Robert Bresson/ France/ 1968/ 78 min

The story of Mouchette is one that defies simple explanation. It’s a pondering on the nature of unkindness, not wholly unlike the more recent The Painted Bird, which sought to similarly depict abject human misery. The nature of the misery in Mouchette is far more mundane, and yet it still manages to plumb depths of domestic cruelty and indifference to the point of abusive absurdity. It’s also certainly an eminently more watchable and comprehendible narrative than the likes of Au Hasard Balthazar or later Robert Bresson works like L’Argent.

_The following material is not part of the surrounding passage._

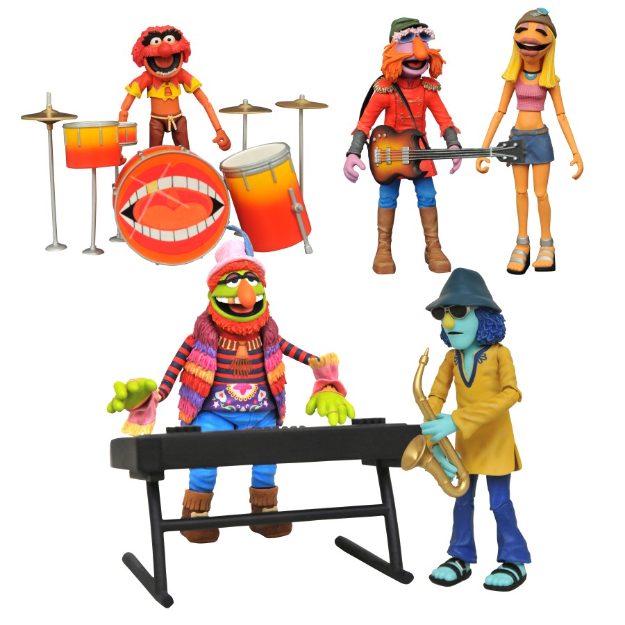 A Diamond Select Toys release! It’s time to play the music! Series 3 of the Best of the Muppets action figures features none other than the Electric Mayhem band! Dr. Teeth with Zoot, Floyd with Janice and Animal with his drum kit make up the three packs in this series, and each figure features their instrument as well as multiple points of articulation. Each figure or figure pair comes packaged in a full-color window box. Sculpted by Gentle Giant Studios!

In the film, as in the 1937 novel, fourteen year old Mouchette understands little of life other than the alcohol-drenched suffering that seems to come with it. Her father is an abusive alcoholic, who literally drinks up all of her afterschool job’s pay. At home her mother lies in a sickbed, too ill to even care for her own baby. Thus Mouchette is the default caregiver, mother, and skivvy to the entire family household. At school she fares little better, shunned by her classmates for being poor and regularly shamed by her teacher, while local boys tease and hurl abuse at her as she passes. It’s into this setting that the meat of the story takes place, with much of the film’s narrative concerning the night Mouchette becomes embroiled in the love triangle between the local barmaid Louisa, and the town’s rival poacher and gamekeeper.

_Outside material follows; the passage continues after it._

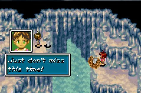 Riki (ウプル Upuru) and Tavi (ペチャロ Pecharo) are a pair of young boys from Daila who play the part of the town miscreants. They are playing at what is supposed to be an off-limits area - the Shrine of the Sea God dungeon - when the tidal wave strikes all of Indra, and the two are separated by a chasm with one trapped at an end. If Felix's party helps them out with the Lash Psynergy found in Kandorean Temple, they will tell Felix about a Jupiter Djinni (Breath) they've been trying to catch before they return to Daila. Afterwards, the town of Daila will update, and it's only at this point when the kids have returned that an easily missed cutscene with Alex can occur at Daila's manor.

Like much of Bresson’s oeuvre, it’s a strange and occasionally inscrutable film. One that relies heavily on the long looks given between the actors, and the uncomfortably long scenes that deliberately come in too early and leave too late. Mouchette manages to feel both realistic and utterly unreal at the same time, a facet helped by the combination of Bresson’s signature coaxing of awkward framing, unnatural line delivery and stories that rely on emotive themes rather than pure narrative. An aspect only accentuated by technical choices and limitations of the time, such as the falsely stage-lit torchlight, or the thick gelatine tears that frequently hang and drip from Mouchette’s cheeks.

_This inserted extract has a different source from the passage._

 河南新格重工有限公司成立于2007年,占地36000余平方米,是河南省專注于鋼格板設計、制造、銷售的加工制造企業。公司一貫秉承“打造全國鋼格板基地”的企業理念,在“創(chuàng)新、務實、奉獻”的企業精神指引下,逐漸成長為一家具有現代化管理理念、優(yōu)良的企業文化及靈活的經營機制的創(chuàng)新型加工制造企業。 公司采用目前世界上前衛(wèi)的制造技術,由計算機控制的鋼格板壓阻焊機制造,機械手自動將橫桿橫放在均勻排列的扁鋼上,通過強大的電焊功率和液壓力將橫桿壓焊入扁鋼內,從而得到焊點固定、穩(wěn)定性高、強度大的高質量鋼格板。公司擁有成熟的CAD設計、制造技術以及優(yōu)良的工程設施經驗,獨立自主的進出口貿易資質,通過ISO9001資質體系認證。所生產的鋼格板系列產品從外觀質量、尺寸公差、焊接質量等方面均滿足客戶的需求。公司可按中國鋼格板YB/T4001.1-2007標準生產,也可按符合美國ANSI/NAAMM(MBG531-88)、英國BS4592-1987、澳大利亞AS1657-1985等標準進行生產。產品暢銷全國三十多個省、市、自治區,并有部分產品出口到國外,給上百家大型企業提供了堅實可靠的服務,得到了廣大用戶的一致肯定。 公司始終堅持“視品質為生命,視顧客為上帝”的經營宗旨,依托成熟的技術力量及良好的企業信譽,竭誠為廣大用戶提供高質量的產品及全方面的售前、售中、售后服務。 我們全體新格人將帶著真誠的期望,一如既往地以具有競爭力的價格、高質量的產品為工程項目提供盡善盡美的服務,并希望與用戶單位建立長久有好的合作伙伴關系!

Much of the weight of the film’s artistic success is on the shoulders of Nadine Nortier, in her solitary film role; playing well under her own age as the titular schoolgirl. It’s a performance that asks much of her, and she capably manages to capture the sense of confined anger and resentment Mouchette carries. Similarly, it’s the repeated unkindnesses visited upon her, as she is often roughly pushed, and slapped by her father. Indeed the one person to show her kindness at all is an older man on bumper cars, who careens into her, jolting her savagely over and over. And yet it’s one of few moments of rare happiness we see from her, happily accepting a new form of abuse.

Bresson claimed the film was one that defied simple explanation, and he was correct. While the pieces are simple at a glance, they fit together to create a complex whole, which is as unpredictable as it is certain. Possibly the most perfect evocation of his style, and a film that merits close attention, and much afterthought.